-- Records provided --

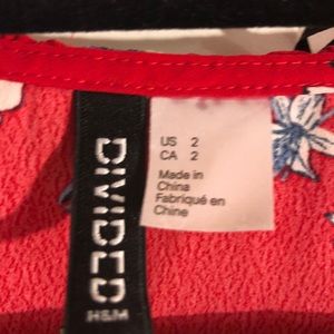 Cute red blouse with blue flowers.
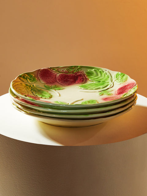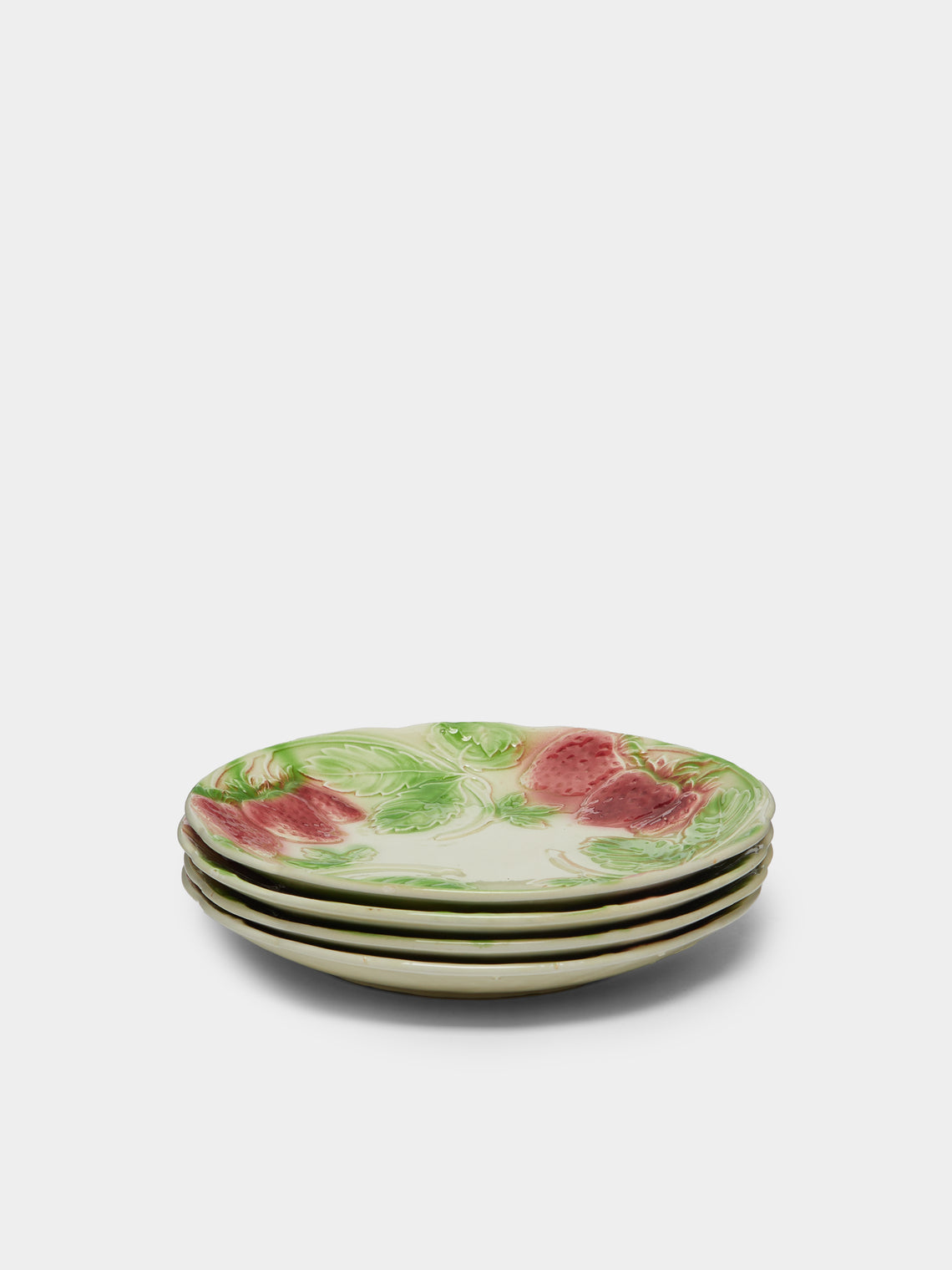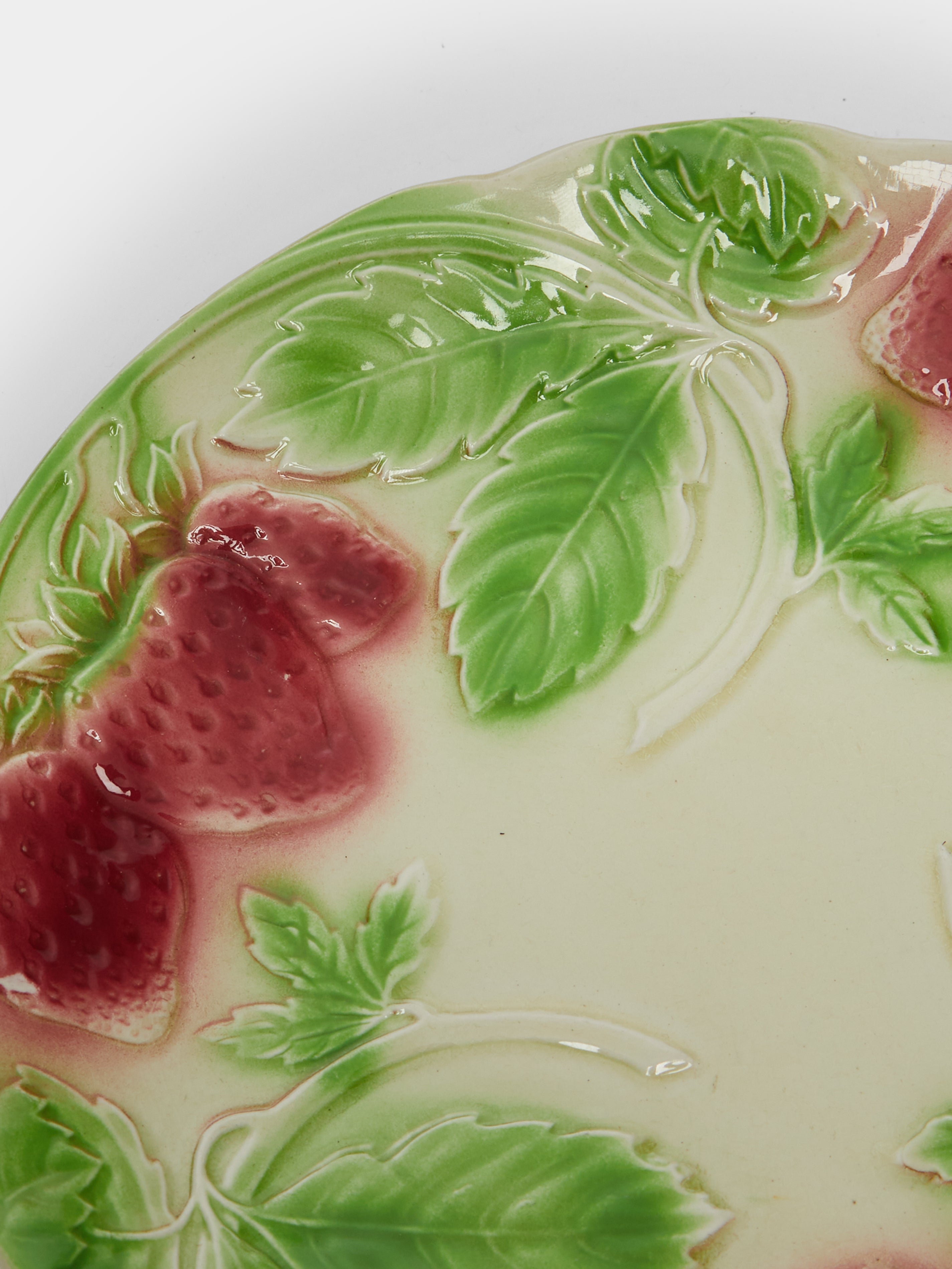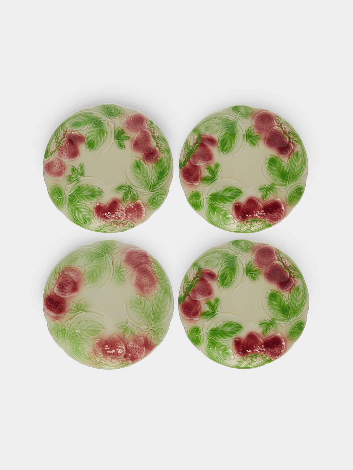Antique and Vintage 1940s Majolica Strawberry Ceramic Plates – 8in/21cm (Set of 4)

---

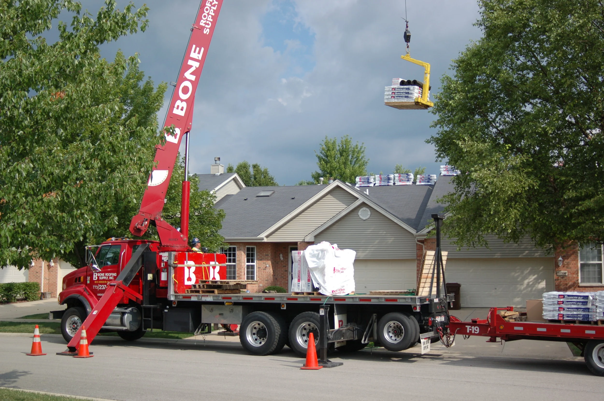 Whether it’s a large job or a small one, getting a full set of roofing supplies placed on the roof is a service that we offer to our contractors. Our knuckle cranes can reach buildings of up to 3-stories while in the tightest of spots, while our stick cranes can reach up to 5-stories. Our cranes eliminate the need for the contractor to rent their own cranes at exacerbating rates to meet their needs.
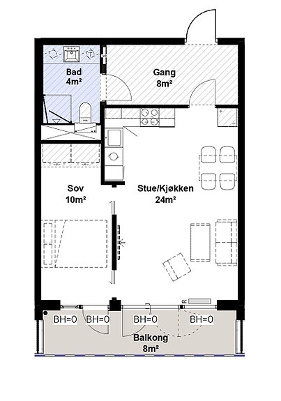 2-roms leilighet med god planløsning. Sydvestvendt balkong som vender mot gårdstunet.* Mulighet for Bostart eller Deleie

-- Task requirements --
Within these entries, output exactly the lines starting at the one with "Cute red blouse with blue flowers." and finishing at the one with "Antique and Vintage". Leave pictures out of the output.

-- Response area --
 Cute red blouse with blue flowers.
Antique and Vintage 1940s Majolica Strawberry Ceramic Plates – 8in/21cm (Set of 4)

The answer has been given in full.